Leapfrogging the Digital Divide

I am spending the holiday break in Goa, India. We are staying in a rural area named Santana. I am pecking this out on a BlackBerry while looking out across miles of marsh, populated with frogs, swarms of birds, grazing buffalo, roving pigs, and wandering country chicken.

What's remarkable to me is that this remote area -- where there is no trash pick-up and only occassional bus service -- is quite accessible via mobile technology. While I can't buy the local paper without getting to a nearby town, I can read the New York Times just as well as anyone in New York City.

In India, people are starting to use communications technology to overcome hurdles. College courses are telecast from major universities to hubs around the country where students attend remotely, farmers are making selling decisions based on market data via Internet links, and in traffic-choked cities, telecommuting is becoming a norm. In other parts of the world, banking and money transfer services are finally feasible for millions of rural people via cell phones.

What is the potential of these technologies to make leadership development and resources more accessible? CCL is exploring a number of possibilities along this axis. I anticipate that in years to come more of us will be able to live, work, and learn just fine in places like Santana, sitting as I am right now under a coconut tree listening to the chirp of the grasshoppers.

Monday, December 24, 2007

Designing a Sustainable Future

At the Design with India conference I attended in Bangalore, Geetha Narayanan, the founder of Srishti asked, is the current economic model (that pits development against the environment) the only way forward for India. While the conference showcased the work of talented commercial designers, the role of design as a means to take on social challenges was very much front and center. How can we make sure that economic development doesn’t marginalize the poor or destroy the environment? In Bangalore, the pace of development is simply staggering. New shopping malls, office complexes, residential high-rises, and a commercial airport are all mushrooming, outpacing roads, power, and water supply. The growth is dynamic and creating prosperity, but not without unwanted side effects. The idea that design can make a difference is key.

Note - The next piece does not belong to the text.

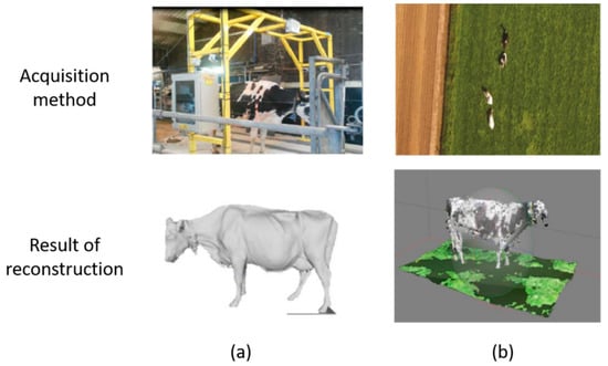 - Le Cozler, Y.; Allain, C.; Caillot, A.; Delouard, J.M.; Delattre, L.; Luginbuhl, T.; Faverdin, P. High-precision scanning system for complete 3D cow body shape imaging and analysis of morphological traits. Comput. Electron. Agric. 2019, 157, 447–453. [Google Scholar] [CrossRef]

Design thinking doesn’t assume that what’s gone before is what should be, or that problems are intractable. The ability to envision and enact fresh solutions is predicated on the belief that such solutions are possible in the first place. Poonam Kasturi is a designer who is building such solutions. She is created Daily Dump (, an enterprise to support urban composting. Sixty percent of Bangalore’s urban waste is organic. Turning it into compost, reduces landfill and facilitates recycling of the non-organic waste, such as cardboard and plastic. Poonam’s solution is an elegant stack of earthen pots that can fit physically and aesthetically into small urban apartments. At Poonam’s design school, Srishti, alumni say what they learn that is the most important is the ability to think creatively. A broader challenge for India, is to increase the number of people who can think and create the kind of future we want.

The Center is working in India to increase the number of creative thinkers in an educational environment that has traditionally favored rote learning. In meetings with a number of educational institutions we’ve found a readiness to think about the role of creativity and leadership in preparing students for the future. We’ll have more to report on this front in the months to come.